Ingredients:

  • 12 oz (340 g) spaghetti (or your preferred pasta shape)
  • Salt (for pasta water)
  • 1 tablespoon olive oil
  • 1 onion, finely chopped
  • 2 garlic cloves, minced
  • 1 lb (450 g) ground Italian sausage or beef (optional)
  • 28 oz (800 g) canned crushed tomatoes
  • 1 teaspoon dried basil
  • 1 teaspoon dried oregano
  • Salt and pepper, to taste
  • 2 cups (200 g) shredded mozzarella cheese
  • 1 cup (100 g) grated Parmesan cheese
  • 1 large egg
  • 1 cup (240 g) ricotta cheese
  • Fresh basil, for garnish (optional)

Instructions:

  1. Preheat your oven to 350°F (175°C).
  2. Boil salted water, add the spaghetti, and cook until al dente. Drain and set aside.
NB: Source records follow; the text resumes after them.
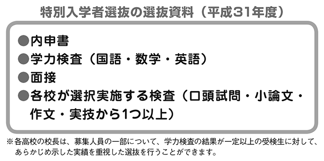 特別入学者選抜は、専門学科、総合学科、一部の普通科で実施します。募集定員に対する募集人員は、専門学科、総合学科が50~100%の間、普通科のコースが50%以内(※一部例外あり)、一部の普通科(コース等を除く)が30%以内(一部例外あり)です。全員に3教科(国・数・英)の学力検査および面接と、口頭試問・小論文・作文・実技のうち1つ以上を各高校が選び実施します。調査書(内申書)とこれらの検査結果を選考資料とし、目的意識や適性などを重視して総合的に合否を判定します。特別入学者選抜に合格内定した場合、必ず入学することが条件です。合格内定とならなかった場合は改めて一般入学者選抜に出願できます。
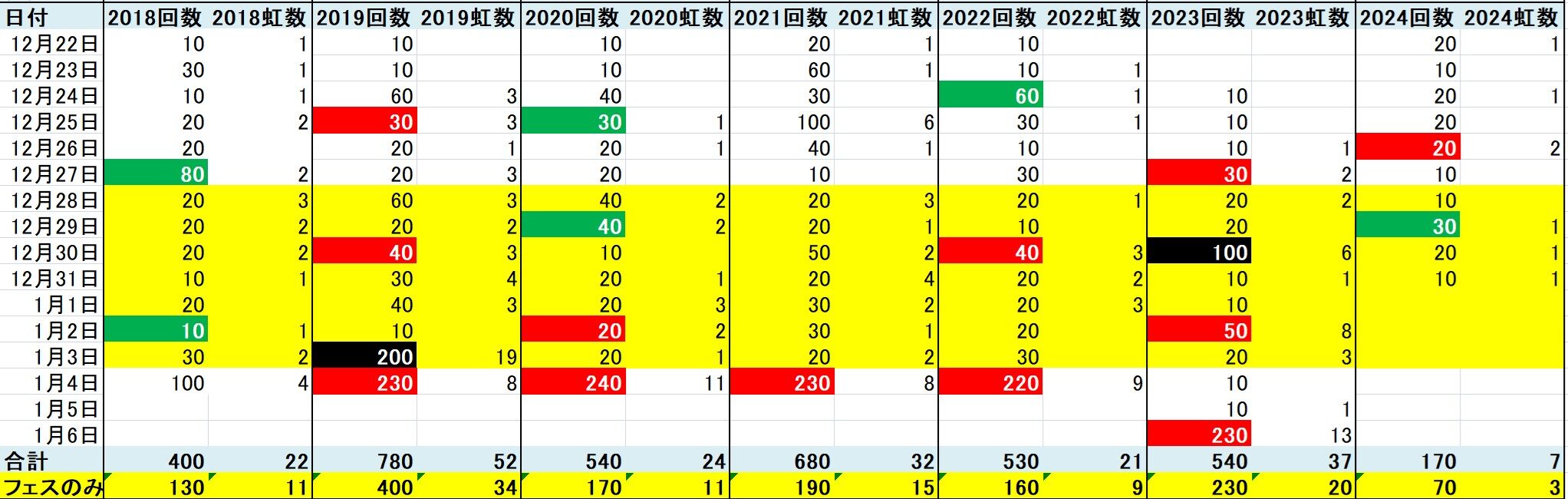 既に現段階で回数・虹数共に最低なので
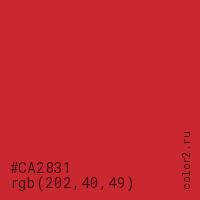 Цвет #CA2831 в цветовой модели RGB обозначается тремя октетами (202, 40, 49) в десятичном формате и #CA2831 в шестнадцатиричном (hex) формате, которые являются интенсивностью красного 202 (hex CA), интенсивность зелёного 40 (hex 28) и интенсивность синего 49 (hex 31).
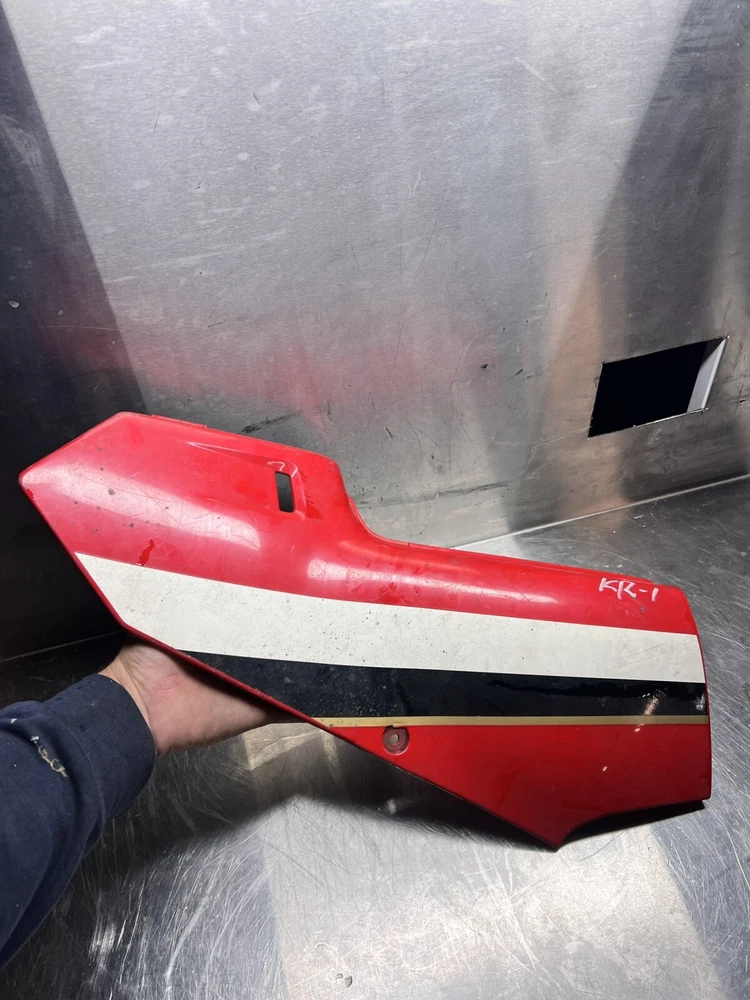Kawasaki KR1s side cover 36001-1380. Super hard to get this ones in good shape too has one broken mount tab as seen otherwise good Fixed price postage in Australia. Overseas postage at cost. Pictures form fitment and condition description. Please note i will combine shipping, ebay combined shipping setup isnt great. Message me after your multiple item purchase so i can refund the difference. I dont ship through the ebay app so this is the easiest way for me to sort it out. PLEASE NOTE EVERYTHING I HAVE IS LISTED ON EBAY. I can only give so much fitment advice on a bike ive never seen, please reference your part book for fitment advice.
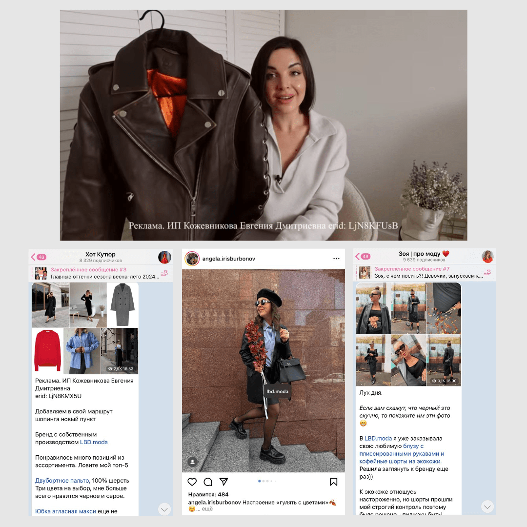 Основными площадками для работы с блогерами были Нельзаграм*, Telegram и позже включили в работу YouTube. Использовали форматы обзора в сторис (примерка и обзор изделий), телеграм-посты с подборкой фотографий с сайта, а также ролики на YouTube, где блогеры более подробно рассказывали о бренде и стилизовали образы.
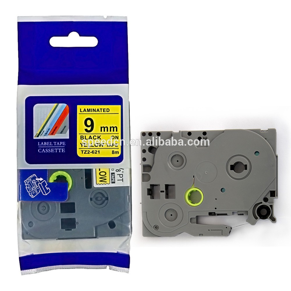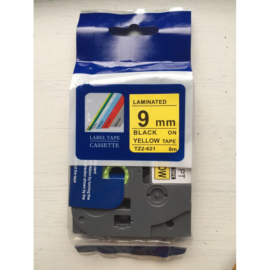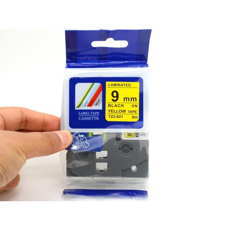 Nhãn in TZ2-621 - Chữ đen trên nền vàng 9mm (Loại siêu dẻo)Kích thước : rộng 9mm, cuộn dài 8m

  3. Heat olive oil in a skillet over medium heat. Sauté onion until translucent, about 5 minutes. Add garlic and cook for 30 seconds until fragrant. If using sausage, add & brown it, breaking it into small pieces, then drain excess fat. Stir in crushed tomatoes, basil, oregano, salt, and pepper. Simmer for 10 minutes.
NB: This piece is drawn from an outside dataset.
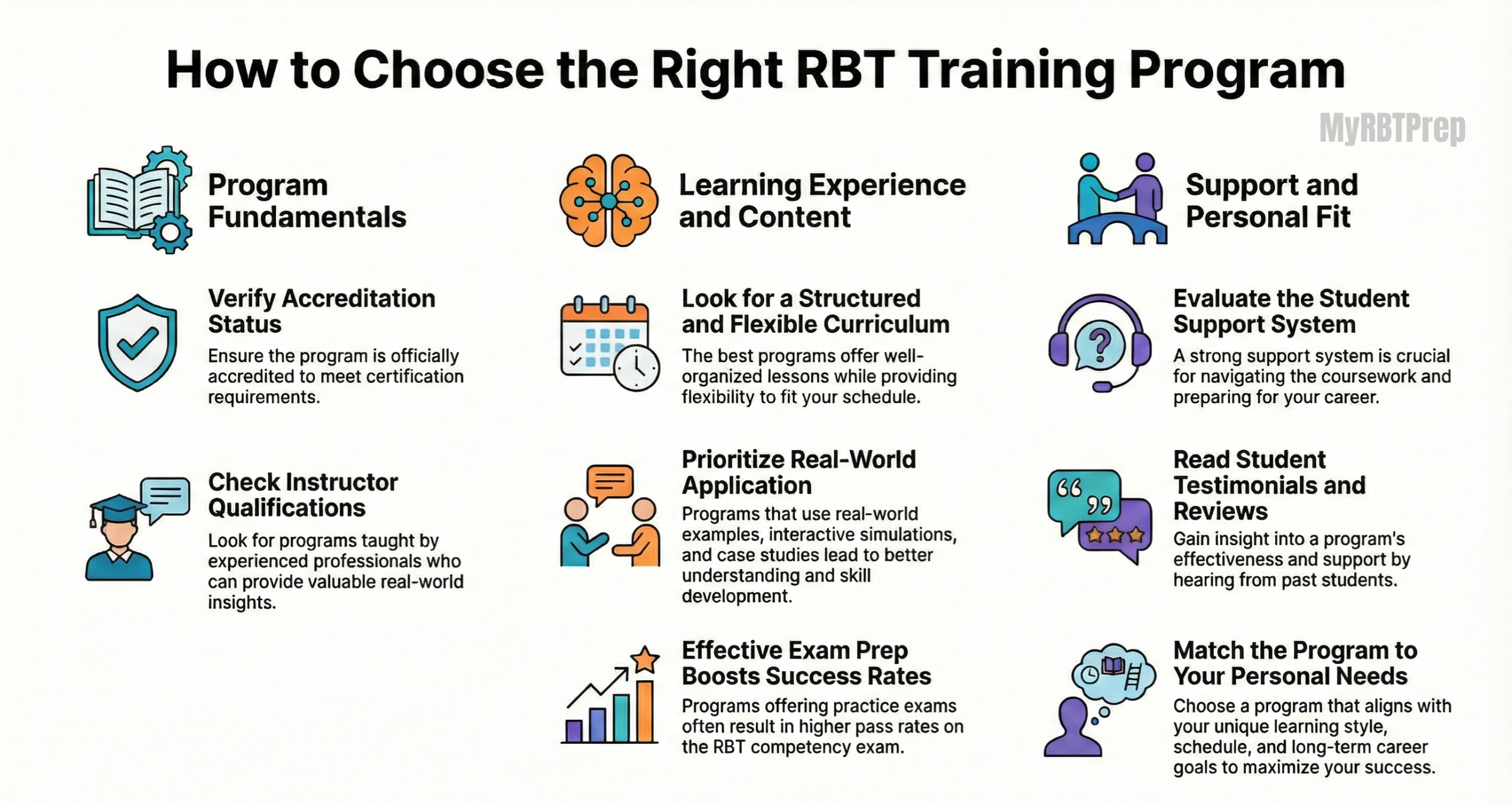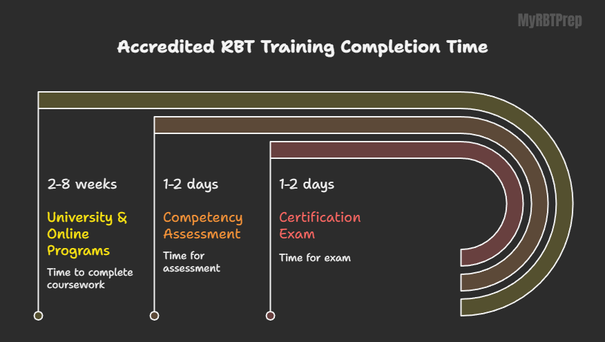 Accreditation also confirms that the certificate is recognized by employers nationwide, giving credibility to your career. Programs are designed to balance practical hands-on strategies with theory, ensuring that every graduate is competent, confident, and ready for the RBT competency assessment and certification exam.

  4. In a bowl, combine ricotta, egg, salt, and pepper. Mix until smooth.
  5. In a large mixing bowl, combine cooked spaghetti and sauce until evenly coated.
  6. Layer half of the spaghetti mixture in the baking dish. Spread the ricotta mixture over the pasta. Sprinkle with half of the mozzarella and Parmesan. Add the remaining spaghetti and top with the rest of the mozzarella.
  7. Cover with foil and bake for 25 minutes, then uncover and bake for an additional 5-10 minutes until golden and bubbly.
  8. Let it cool slightly, garnish with fresh basil, and serve.